Это блюдце – надо его убрать.
Общая жизнь у них обоих – всего семь лет. До этого оба были по молодости, по дурости он женат, она замужем. Что осталось от того времени? По крайней мере, у нее ничего. Все в нем сейчас – все в нем, вся жизнь, все надежды на счастье. Карьера губернатора – это счастье? Да, большое счастье, огромные возможности в нашей бедной, такой изменчивой, такой иррациональной стране. А там дальше кто знает… Кремль – он ведь тоже не на Луне, не на Марсе. Главное – выбрать правильную стратегию, верную тактику и не сворачивать с намеченного пути. А путь из Тихого Городка туда, наверх, может быть долгим. Но она готова. Она ко всему готова. К трудностям, к препятствиям. Лишь бы он – ее муж – не подвел, не сплоховал…
Это блюдце… кажется, вчера он пил свои таблетки не здесь, в спальне, а там, на кухне, когда говорил ей о… Ах да, вспомнила! Сегодня в одиннадцать ей надо заехать в отель за двумя бизнесменами из Москвы, прибывшими по делам городского туризма.

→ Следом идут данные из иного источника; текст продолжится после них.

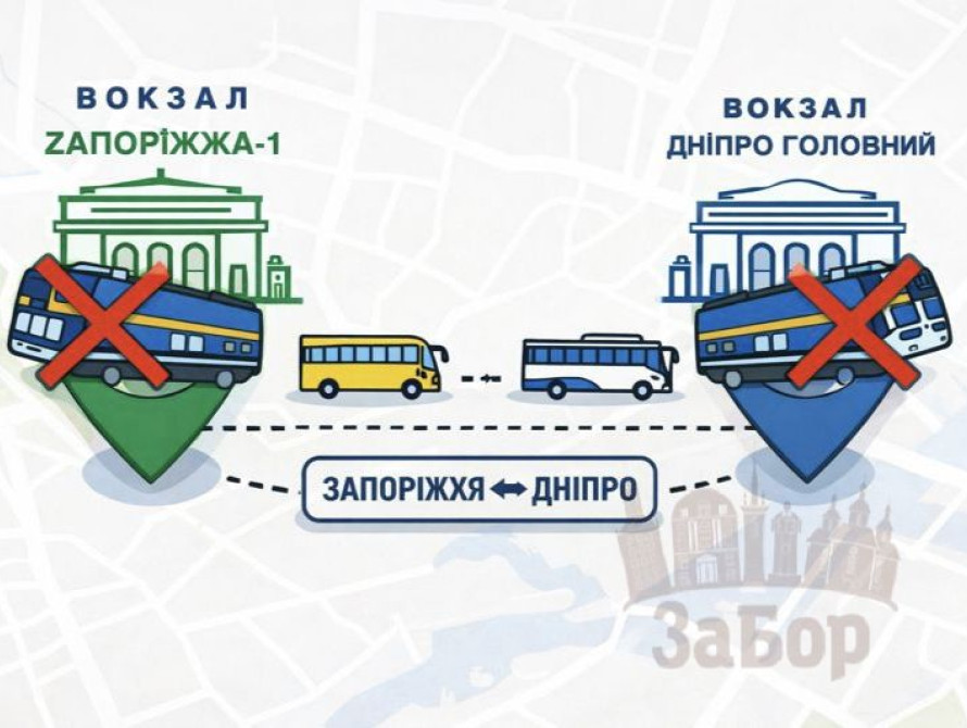 'Рух поїздів між Запоріжжям і Дніпром другу добу залишається обмеженим через атаки російських військ по залізничній інфраструктурі. Пасажирів перевозять автобусними трансферами. Водночас в Укрзалізниці поки не повідомляють терміни відновлення повноцінного сполучення. Детальніше - "ЗаБор".

Фамилия одного – Мещерский, второго – Черкасс. С этим вторым связана одна довольно мрачная история, случившаяся здесь, в городе, несколько лет назад. Точнее, с его сестрой, зверски убитой. Муж Всеволод ей об этом как-то однажды рассказывал. Страшная история. Они все были тогда еще так молоды. И все оказались этому невольными свидетелями: муж, его друзья детства – Иван Самолетов и здешний прокурор Илья Костоглазов. Там был еще один, Всеволод говорил и о нем. И о его сестре: «Знаешь, Юля, у нее было такое необычное имя – космическое». – «Неужели Андромеда?» – спрашивала она.
Честно говоря, расспросить ей хотелось всегда и весьма подробно об обладательнице другого – вполне рядового обычного имени. О продавщице Наталье Куприяновой. Когда они переехали сюда, в город, из областного центра, она сразу заметила, что… Секретарша Вера Захаровна рассказывала ей, что эта самая Куприянова была дважды на приеме у ее мужа – один раз по записи в день приема населения, а второй раз – уже без записи по его личному распоряжению. И она получила двухкомнатную квартиру в только что построенном муниципальном доме в Заводском районе. Якобы Шубин лично распорядился включить ее в список на переселение по программе ликвидации ветхого жилья.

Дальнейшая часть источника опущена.